Hillary Clinton at the Democratic National Convention this summer. Photo by ABC (Creative Commons).
Hillary Clinton has pneumonia. Apparently something has infected her lungs, and apparently it is not Donald Trump’s bloviating, not ash from the Pacific Northwest wildfires, and not the 400 parts per million carbon dioxide levels never consistently seen in Earth’s atmosphere before last year.
Her pneumonia is probably a bacterial infection, she’s taking an antibiotic, and she has already stated she feels better, even as Bill Clinton and Barack Obama have been taking over her speaking schedule for the last week. To get healthy, she needs to take a few days off from the relentless grind of the campaign trail. For the press, this is nothing short of a ratings bonanza: Rumors are that Hills is dropping out! (No, Cokie, she’s not.) Countless pieces came out in the week after her early exit from a 9/11 memorial event, including more than half a dozen speculative articles from the New York Times alone. Politico even reported on the ridiculous pneumonia-gate reporting, which has generally been ridiculous. What else is she concealing, asks conspiracy-prone Breitbart? (It’s worth pointing out that Stephen Brannon, the executive chairman of Breitbart, is now also the chief exeuctive of Trump’s campaign).
The media coverage of Clinton’s pneumonia is frustrating. But looking at the larger context—women, illness, and the workplace—it also says something important about our culture, history, and economy.
American female workers are caught between a rock and a hard place when they’re sick. To start with, women have been providing childcare, domestic labor, and agricultural work for hundreds of years, industries that traditionally provided no paid sick leave to workers or even much time off from the job. Currently, only five states—California, Connecticut, Massachusetts, Vermont, and Oregon—and Washington D.C. mandate paid sick leave for most employees, although several more state legislatures have similar bills somewhere in their lawmaking stream. In the last few years, some states (including California and Oregon) have begun requiring that agricultural industries offer sick time—although conservatives decry this reform as “killer” to farmers. President Obama’s 2015 executive order allowing federal workers to earn seven days of paid sick time is a step toward better support, but it covers only a fraction of the national workforce.
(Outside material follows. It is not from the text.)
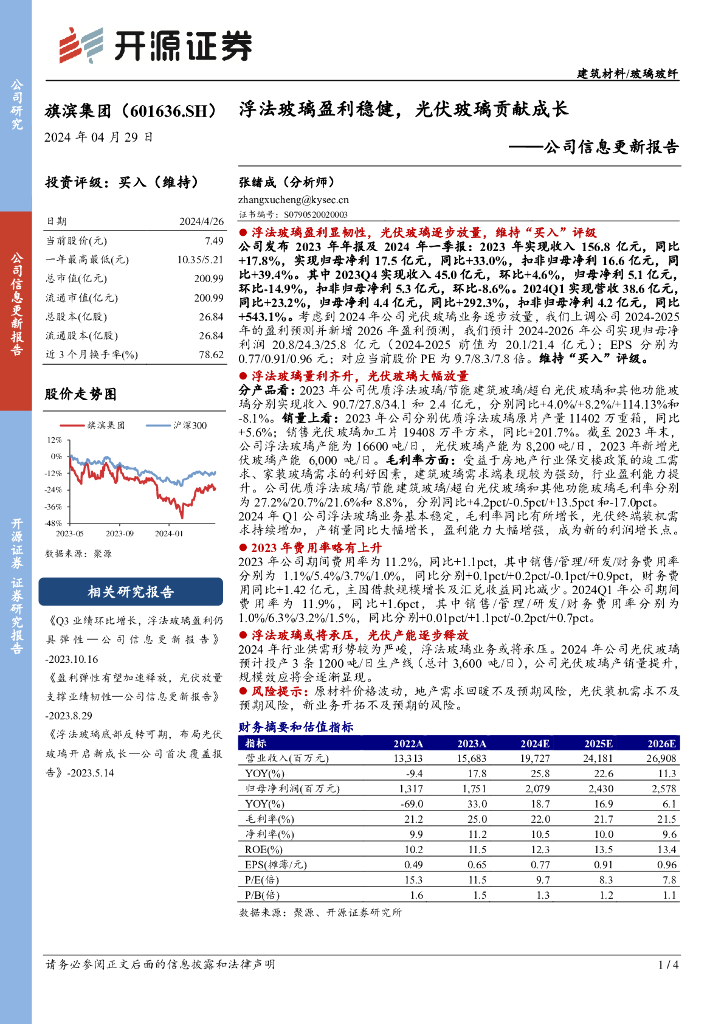 开源证券:旗滨集团(601636)-公司信息更新报告:浮法玻璃盈利稳健,光伏玻璃贡献成长.pdf

Sick leave is a feminist issue. Here’s why:
Women workers take more sick leave than their male counterparts
When they have sick leave, women use it 10 times more often than men when their child is sick. Women are also five times more likely to take a sick child to a doctor’s office. (What the hell? Step up, men people!) Some companies have family leave policies in addition to sick leave (or perhaps even something like “personal leave”), but regardless, women are using their available leave for other people’s health needs and often do not have leave left for themselves when they are actually ill. So, women are more accustomed to working while sick. Thus, paid sick leave benefits children as well as the covered worker.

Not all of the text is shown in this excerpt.